I thought I would check out this thread. I am a MadHatter too.

Just my MadHatter story...

Found out about my WH's 5 day affair on 10/17/14. Went out with some friends that night just to clear my head. Nothing happened but when I got home my WH wasn't there (it was like 1:30 am). He got home about 3 and fed me a story that he was so distraught because I was leaving him over something stupid that he took a handful of xanax and passed out in his truck in WalMart parking lot. I didnt quite buy the story but wasn't sure what was going on. I was too crushed to think it through. WH changed drastically after that night, he got all depressed and suicidal, stopped performing sexually and stopped eating. I thought it was because he missed that skanky OW. But my gut just kept telling me there's more. He kept talking about a lump in his lip, looked like he kept biting it in his sleep so I didn't think it was anything serious but because I could and wanted to I told him it may be HPV for the dirty OW. He said they only kissed so that could be it, I said dont forget your ding-a-ling isnt working anymore. Kept that story up for about a week. He kept sinking lower and lower. One more I text him and said I see you are searching out STDs in men (I looked at his search history), just be honest, you had sex with her right? He said the dreaded yes. He said he knew for sure I was done with him when I went out with friends on 10/17/14 so he called up OW and they met, they talked about their future and how he was certain our relationship was done and then they got it on. They had a FWBs relationship long long before me. That was the first time in our relationship that those 2 had sex. Guess it wouldnt have happened had I stayed home and talked to him instead of going out and letting his imagination go wild. He did it though, not me. This all happened 11/22/14, 3 days before Thanksgiving.

I was distraught. I was so very upset. I left work and cried all day long. I then got incredibly pissed. Decided I wasn't doing this with him, how dare he lie to me for 5 weeks over what really happened? So I messaged an ex-cow on FB that I knew had the hots for me. My message was plain and clear and just said "wanna f*ck?" He said hell yeah and I told him I would be at his house at 8 am and he sent me the address.
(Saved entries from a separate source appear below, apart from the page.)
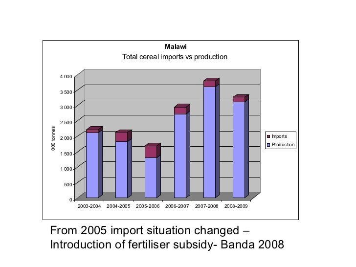 From 2005 import situation changed – Introduction of fertiliser subsidy- Banda 2008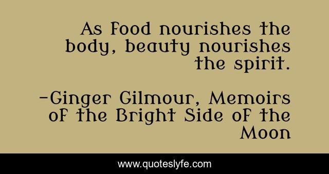 "Ginger Gilmour, Memoirs of the Bright Side of the Moon Quotes." Quoteslyfe.com, 2025. Tue. 09 Dec. 2025. <https://www.quoteslyfe.com/quote/As-food-nourishes-the-body-beauty-nourishes-61329>.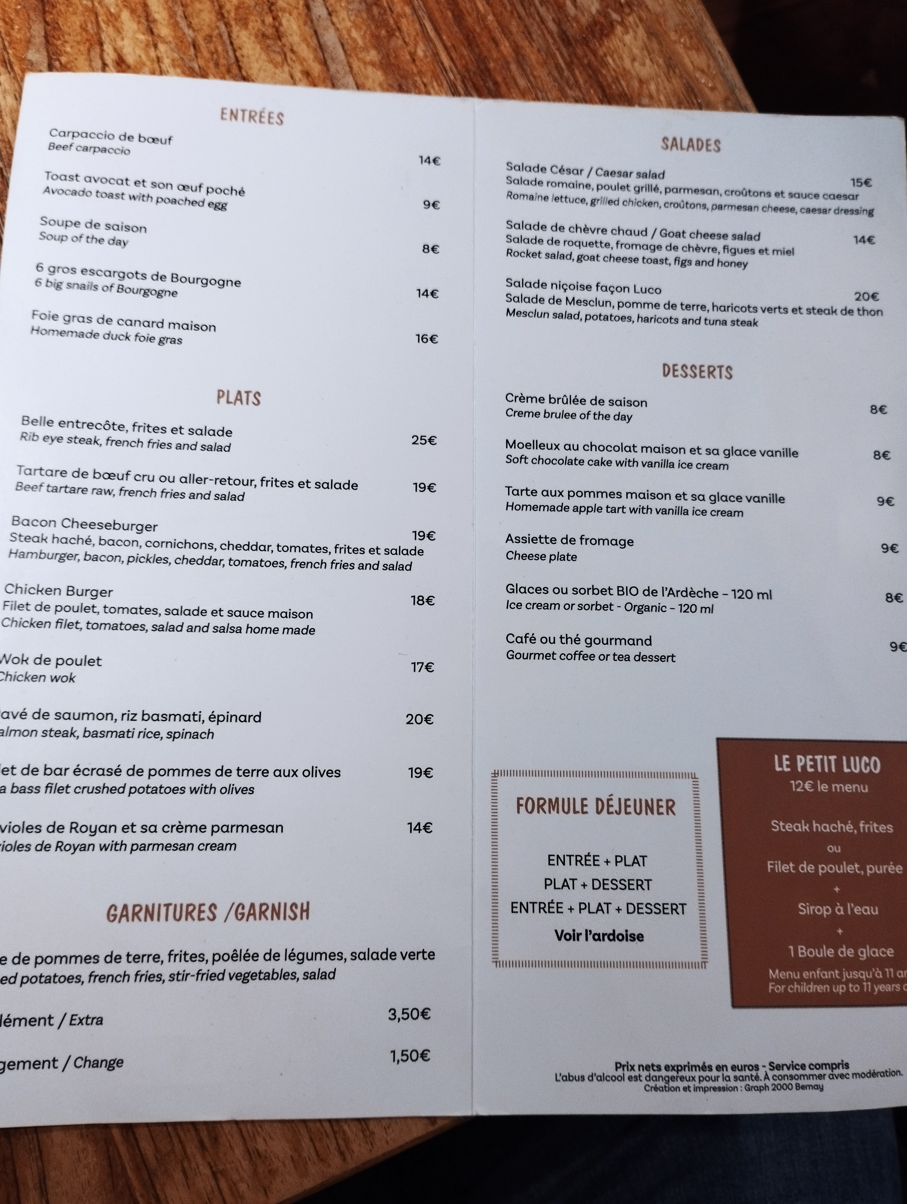 Cuisine correcte Attention à l’accueil et au service (café demandé et oublié). Tarification de suppléments, sans en avertir le client, car nous demandons une autre garniture.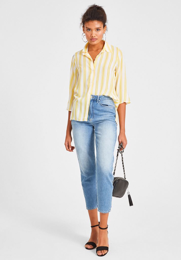 Çok Renkli Çizgi Desenli Uzun Kollu Gömlek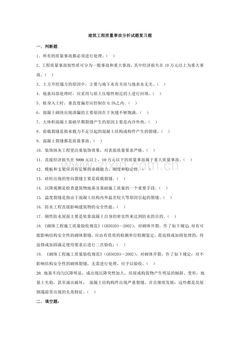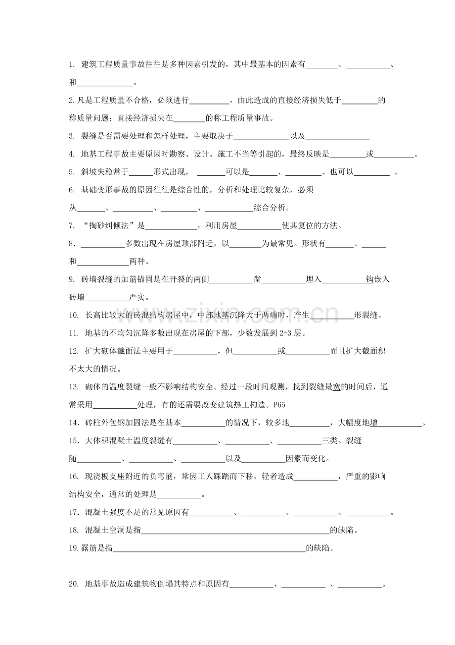 建筑工程质量事故分析试题复习题

I never had any connection with this guy it was just someone I knew was interested in me. I figured, sex with someone else would help me break the heart-heart connection I had with my WH. So, the next morning I told WH where and I was going and sure enough I showed up at this guy's house and we had sex. He didn't get off, how could he with a crying mess under him, lol. It was actually quite pathetic. I left there and had 11 missed calls from WH. Turns out he was in denial, he didn't think there was anyway I could break my vows and do that.

He met me at my work and we talked for awhile in the parking lot. It was at that moment that we decided we would try R. He called OW while I was there and told her he loved me. She yelled at him for breaking her heart that she loved him but yes she could tell he loved me by the way their sex had gone. He told her it was all out in the open now and to never contact him again. She told him he broke her heart in 2 and hated his guts and left and slammed the phone down on him.

The road to R has been rough. My WH got a taste of his own medicine and he has said he needed that. He needed to feel betrayed. I guess for the most part my act of betrayal is never mentioned.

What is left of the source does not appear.